FCS files from a previously published mass cytometry study of B-cell precursor acute lymphoblastic leukemia (BCP-ALL) by an independent lab were input into the RAPID workflow to test whether the RAPID algorithm could re-discover prognostic cell subsets in other disease settings (Good et al., 2018). Dataset 2 is available online (originally: https://github.com/kara-davis-lab/DDPR/releases, in this study: https://github.com/cytolab/RAPID). This dataset contained almost twice the number of patients (n = 54) but less than half the number of total cells compared to Dataset 1 (48,600) because of a single patient with only 900 live, lineage-negative blast cells (Good et al., 2018). A total of 47 clusters were identified by RAPID, 3 of which were negative prognostic cell subsets that were associated with time to relapse (Figure 2). Importantly, features identified in the original publication as part of the signature associated with relapse (black text, Figure 2) were re-identified using RAPID. In the protein feature MEM values, enrichment of CD38 and CD34 was consistent with previously reported trends in pre-pro B cell-like phenotypes in BCP-ALL. Most notably, the signaling features p-S6, p-SYK, and p-4EBP1, which were important features positively associated with relapse in the DDPR model, were enriched in the negative prognostic populations identified by RAPID. Thus, RAPID was able to identify cells and features associated with time to relapse in another disease setting, generating a signature of negative-prognostic cells consistent with the original findings by another research group.

Figure 2

Download asset Open asset

RAPID analysis of a published B-cell leukemia dataset to identify negative prognostic cell subsets.

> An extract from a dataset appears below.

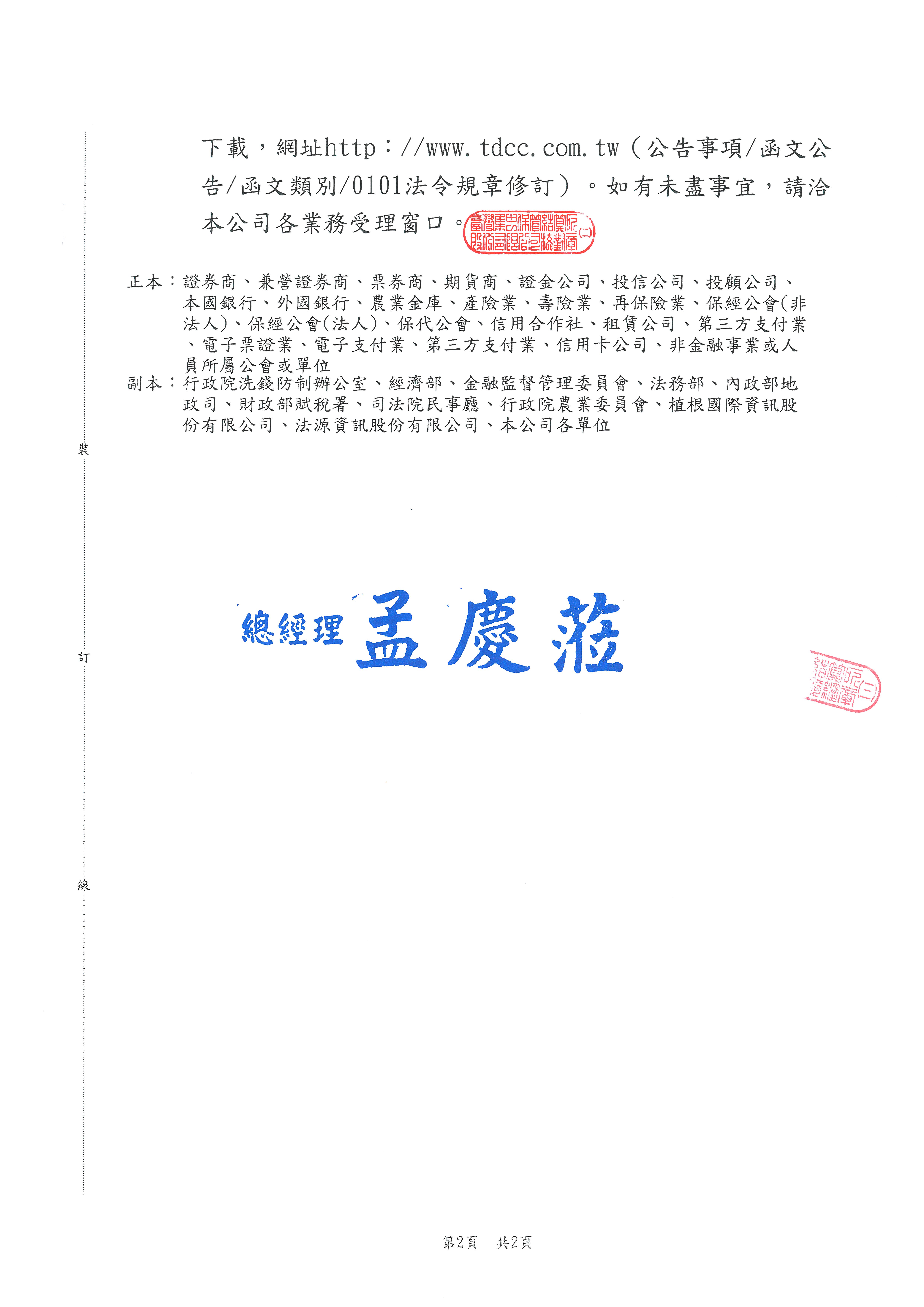 » 函轉台灣集中保管結算所股份有限公司公告公司負責人及主要股東資訊查詢作業要點,自即日起施行,敬請查照

(a) t-SNE plot of 54 B-cell leukemia patient samples with negative prognostic populations (A, B, C) colored in red. (b) MEM labels for three negative prognostic cell subsets (NP_A, NP_B, NP_C). Features important in the original discovery of predictors of relapse are colored in black. (c) Kaplan-Meier Curve comparing time to relapse in patients with high abundance of negative prognostic cells (identified by RAPID) to patients with low abundance of negative prognostic cells.

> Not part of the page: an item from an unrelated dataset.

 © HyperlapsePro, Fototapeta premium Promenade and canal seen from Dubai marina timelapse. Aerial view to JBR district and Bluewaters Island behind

Statistical validation 1: Clusters identified by RAPID were statistically robust

To determine the stability of the clusters identified by RAPID, 99 additional runs of FlowSOM were performed within the RAPID workflow (Figure 1c). Due to the stochastic nature of FlowSOM, the clusters identified in each subsequent run could contain different cells. For each of the clusters, an F-measure was calculated, based on the accuracy of cell assignment within a cluster in subsequent iterations of FlowSOM (see Methods, Supplementary file 2). Of the original 43 clusters, five had an average F-measure of less than 0.5 (average F-measure of all clusters = 0.75). These five clusters, including cluster 33, previously identified as a GNP cluster, were considered unstable and were not included in subsequent analyses (indicated by shading in Figure 1 and Figure 1—figure supplement 2, and asterisks in Figure 1—figure supplement 3 and Supplementary file 2).

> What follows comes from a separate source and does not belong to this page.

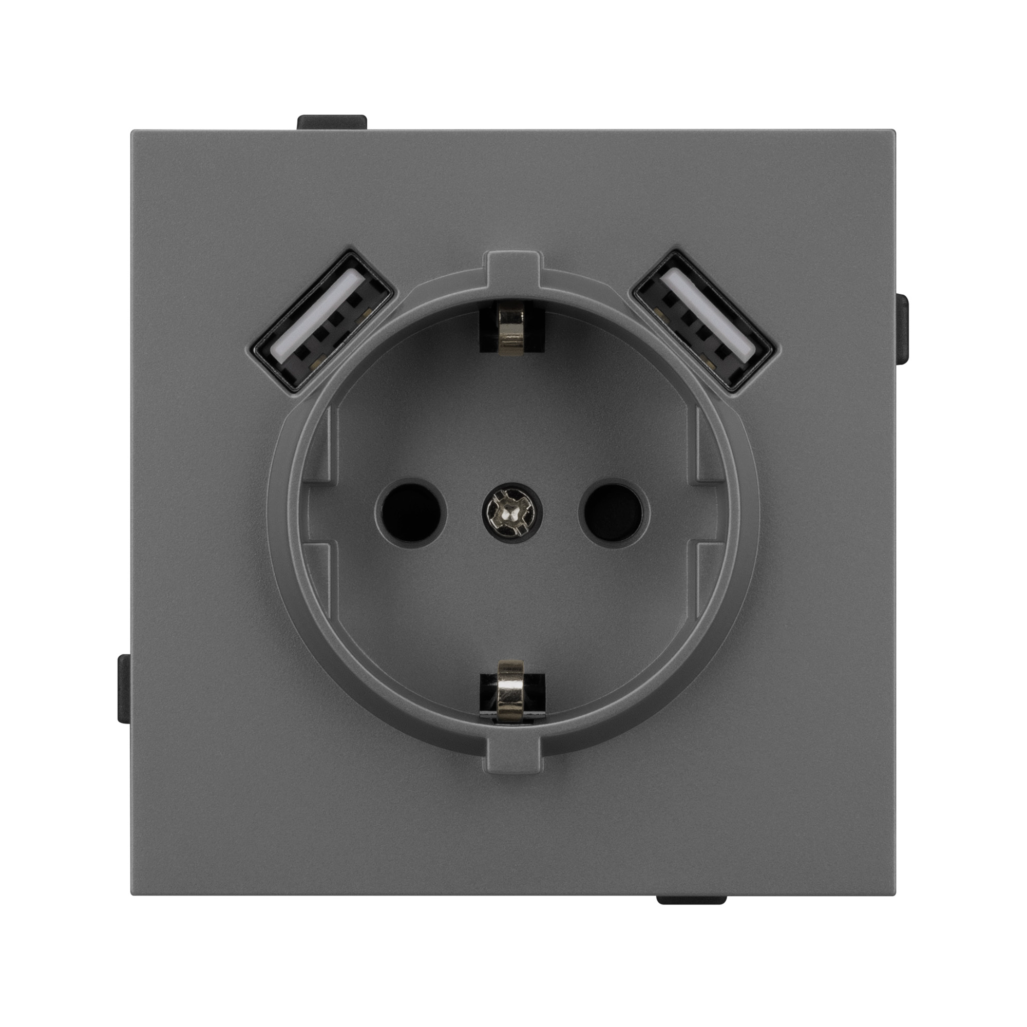 Механизм розетки с USB зарядкой, совместимый с рамками серии NOBE, создает утонченный минималистичный вид. Наличие двух USB Type A портов позволяет существенно сократить количество используемых розеточных постов под евровилку, сохраняя единую стилистику интерьера всего современного дизайн-проекта. Видимая часть механизма выполнена из высококачественного пластика серого цвета и имеет Soft-Touch покрытие, что придает изделию приятные тактильные ощущения и стильный внешний вид.

Statistical validation 2: Clusters identified by RAPID were not dependent on individual patients or sub-samplings

A key design decision in RAPID was the use of an equal number of cell events from each patient to avoid tumors disproportionately impacting the analysis based on the number of cells collected. However, this decision limits a given RAPID analysis run to a number of cells equal to the smallest collected from any one patient. For the tumors studied here, the number of live glioblastoma cells ranged from 4,710 to 330,000 cells per patient. To test whether the cells subsampled for RAPID were representative of the total tumor sample and eliminate the possibility that randomly subsampled cells from larger samples are not representative, 9 additional t-SNE analyses were generated, each with a different sample of 4,710 cells selected at random, with replacement, from each patient. Each of these 9 t-SNE projections was then used in a new RAPID analysis, creating 10 total analyses (the original and 9 new tests). Of these, a total of 55 clusters from the 10 runs were considered stable (F-measure >0.5) and prognostic (see Methods, Figure 3). An F-measure could not be calculated on a cell-by-cell basis because the cells varied between analyses, but the average F-measure based on patient categorization (GNP-high, GPP-high, and GNP and GPP low) was 0.79 between t-SNE runs.

Figure 3

Download asset Open asset

Subsampling of glioblastoma cells repeatedly resulted in GNP and GPP subsets with similar phenotypes.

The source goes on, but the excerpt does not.